Passion, Senses, Asako I & II : en trois films, Ryûsuke Hamaguchi explore les états d'âme, et notamment ceux des femmes, dans le Japon d'aujourd'hui.

Senses, le premier film du japonais Ryûsuke Hamaguchi distribué en France, a été annoncé d’emblée comme un chef d’œuvre, mais aussi comme un objet de cinéma insolite : 5 épisodes regroupés en 3 parties pour la sortie en salles, au total cinq heures pour  décrire la vie de cinq femmes qui partagent une amitié sans failles, où du moins le croit-on, car lorsque l’une d’entre elles disparait, l’équilibre du groupe vacille.

Une expérience unique qui permet au spectateur de pénétrer l’âme des femmes japonaises d’aujourd’hui à travers leur vie régie par des conventions encore extrêmement rigides et une soumission obligée aux hommes, maris ou compagnons. Des femmes partagées entre le poids des traditions, la domination exercée par des hommes pourtant le plus souvent absents, et leur envie de vivre libre, d’écouter leurs désirs et leurs émotions.
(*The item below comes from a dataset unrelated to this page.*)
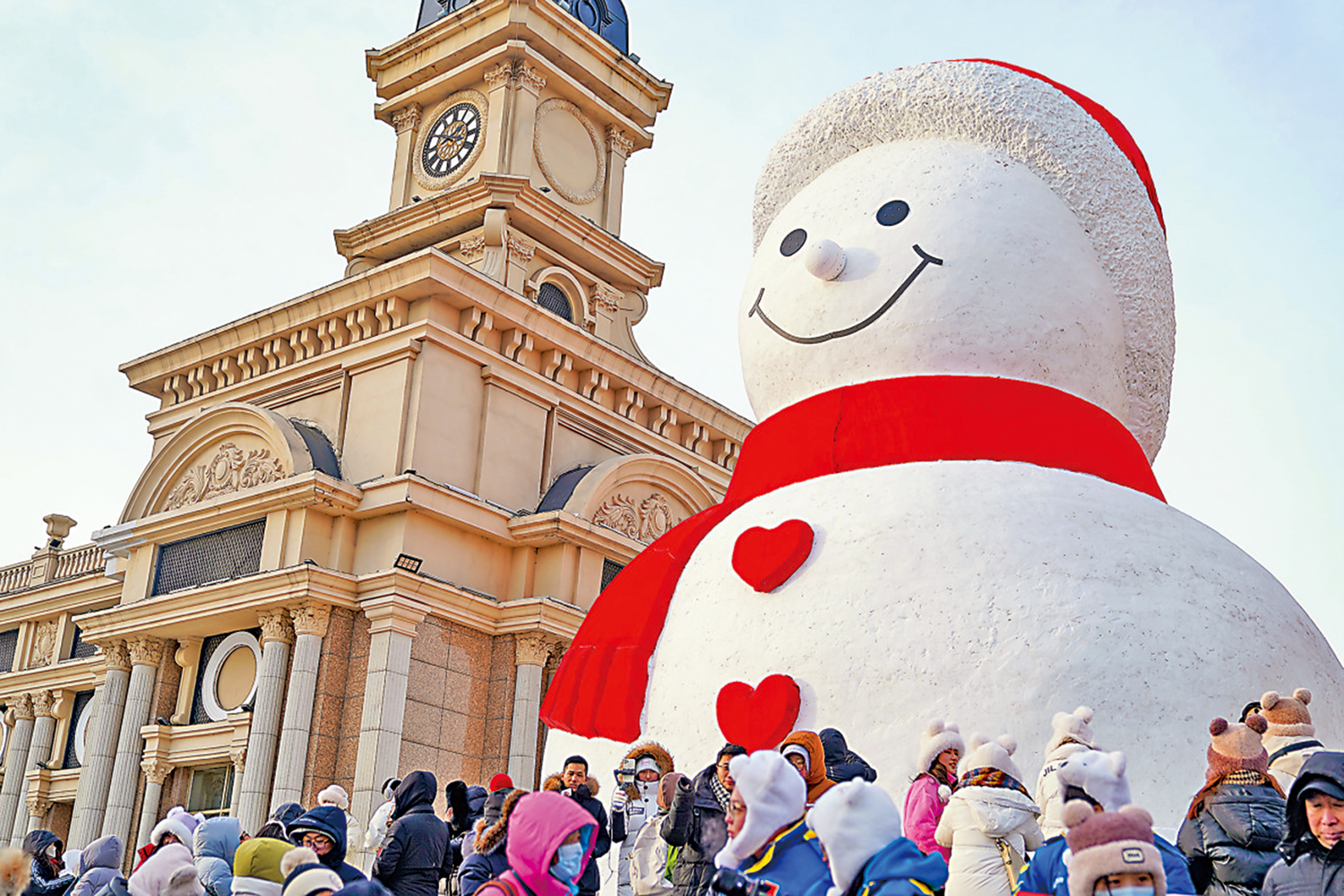 圖:頭戴紅帽子、繫着紅圍脖、胸前兩顆紅心,臉上洋溢着大大微笑的「超治癒」大雪人,在萬千網友的期盼下,回歸黑龍江哈爾濱音樂公園。今年網紅大雪人保留一貫的大型雪雕體量,總長十三米、寬十米、高十八米,用雪量約二千立方米。\中新社

Asako I &II (2019) est l’aboutissement de l’œuvre de Ryûsuke Hamaguchi, même s’il nous réserve peut-être encore des surprises, c’est une merveille absolue de cinéma, de poésie et d’émotion. Partagé entre réalisme et onirisme, le film suit le parcours amoureux d’Asako, une jeune japonaise incarnée avec une grâce absolue par Erika Karata, qui perd et croit retrouver le jeune homme dont elle était tombée éperdument amoureuse. Sous son apparence gracile et éthérée, Asako sait ce qu’elle veut et ira jusqu’au bout d’elle-même et de ses sentiments pour savoir qui elle aime vraiment.

Passion, distribué en France en 2019, est en fait le film de fin d’études d’Hamaguchi, réalisé en 2008, son premier film donc, où l’on retrouve déjà toutes ses interrogations : la difficulté à vivre en couple, à concilier amour, vie conjugale et liberté, les incertitudes du désir et de l’amour, l’aspiration des jeunes générations à autre chose que le modèle de vie traditionnel.

Trois films semblables et différents pour découvrir la vie et l’âme japonaise, les ressorts complexes des relations amicales, amoureuses et conjugales, l’évolution en quelques années d’une société très corsetée vers un mode de vie occidental, les aspirations des femmes à être libres, à être elles-mêmes peut-être encore plus qu’à aimer. De Passion à Asako, Hamaguchi évolue d’un cinéma trivial, âpre, parfois brutal, où le masculin domine, pas si loin des « Scènes de la vie conjugales » de Bergman, à une esthétique très épurée, teintée d’étrangeté et de poésie, plongée à l’intérieur de l’âme d’une jeune femme libre dont la force est toute intérieure.

A découvrir dans les collections de la BU lettres (actuellement à la BU Sciences), trois DVD édités par Arte.